[GIVEN RECORDS]
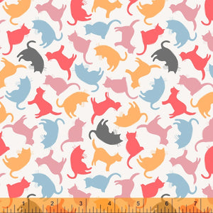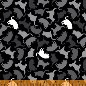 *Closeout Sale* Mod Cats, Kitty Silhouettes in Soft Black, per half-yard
[/GIVEN RECORDS]
[GIVEN RECORDS]
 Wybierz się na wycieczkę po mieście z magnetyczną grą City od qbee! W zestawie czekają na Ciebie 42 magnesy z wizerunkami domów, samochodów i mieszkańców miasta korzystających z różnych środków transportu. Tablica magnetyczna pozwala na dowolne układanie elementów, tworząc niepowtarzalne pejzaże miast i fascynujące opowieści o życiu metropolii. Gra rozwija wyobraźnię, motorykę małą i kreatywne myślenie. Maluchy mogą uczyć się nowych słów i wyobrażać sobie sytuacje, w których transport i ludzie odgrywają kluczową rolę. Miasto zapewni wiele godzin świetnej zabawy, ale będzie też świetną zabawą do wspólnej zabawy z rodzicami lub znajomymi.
[/GIVEN RECORDS]
[GIVEN RECORDS]
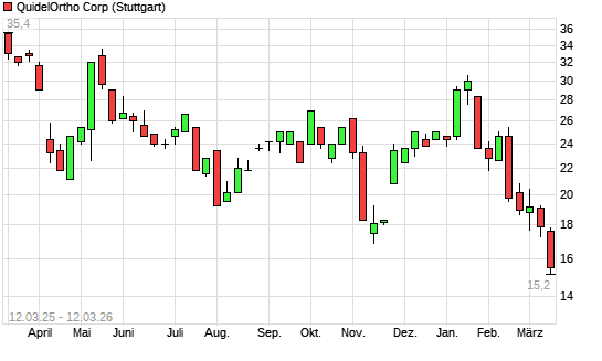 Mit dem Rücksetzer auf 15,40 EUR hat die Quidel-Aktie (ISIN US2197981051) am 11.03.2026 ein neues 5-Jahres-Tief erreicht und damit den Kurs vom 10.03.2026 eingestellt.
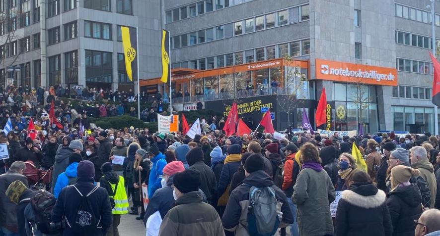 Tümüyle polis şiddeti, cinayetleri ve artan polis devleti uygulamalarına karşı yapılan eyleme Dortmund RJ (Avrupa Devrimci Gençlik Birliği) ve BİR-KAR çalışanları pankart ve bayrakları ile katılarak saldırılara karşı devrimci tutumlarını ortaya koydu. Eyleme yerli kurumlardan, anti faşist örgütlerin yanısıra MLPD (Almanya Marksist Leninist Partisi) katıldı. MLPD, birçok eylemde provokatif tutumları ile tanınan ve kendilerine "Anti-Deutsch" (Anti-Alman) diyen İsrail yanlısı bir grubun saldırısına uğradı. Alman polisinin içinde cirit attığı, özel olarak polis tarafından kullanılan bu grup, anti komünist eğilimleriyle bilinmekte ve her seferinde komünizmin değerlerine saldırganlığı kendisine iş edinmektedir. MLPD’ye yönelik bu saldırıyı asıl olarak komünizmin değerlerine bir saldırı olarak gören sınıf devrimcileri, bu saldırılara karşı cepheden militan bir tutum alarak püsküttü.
[/GIVEN RECORDS]
INSTRUCTIONS TO FOLLOW: Keep to the lines above from the line with "Mit dem Rücksetzer" to the line with "Tümüyle polis şiddeti, cinayetleri", and set down exactly those, inclusive, with nothing else and every picture left out.

ANSWER:
 Mit dem Rücksetzer auf 15,40 EUR hat die Quidel-Aktie (ISIN US2197981051) am 11.03.2026 ein neues 5-Jahres-Tief erreicht und damit den Kurs vom 10.03.2026 eingestellt.
 Tümüyle polis şiddeti, cinayetleri ve artan polis devleti uygulamalarına karşı yapılan eyleme Dortmund RJ (Avrupa Devrimci Gençlik Birliği) ve BİR-KAR çalışanları pankart ve bayrakları ile katılarak saldırılara karşı devrimci tutumlarını ortaya koydu. Eyleme yerli kurumlardan, anti faşist örgütlerin yanısıra MLPD (Almanya Marksist Leninist Partisi) katıldı. MLPD, birçok eylemde provokatif tutumları ile tanınan ve kendilerine "Anti-Deutsch" (Anti-Alman) diyen İsrail yanlısı bir grubun saldırısına uğradı. Alman polisinin içinde cirit attığı, özel olarak polis tarafından kullanılan bu grup, anti komünist eğilimleriyle bilinmekte ve her seferinde komünizmin değerlerine saldırganlığı kendisine iş edinmektedir. MLPD’ye yönelik bu saldırıyı asıl olarak komünizmin değerlerine bir saldırı olarak gören sınıf devrimcileri, bu saldırılara karşı cepheden militan bir tutum alarak püsküttü.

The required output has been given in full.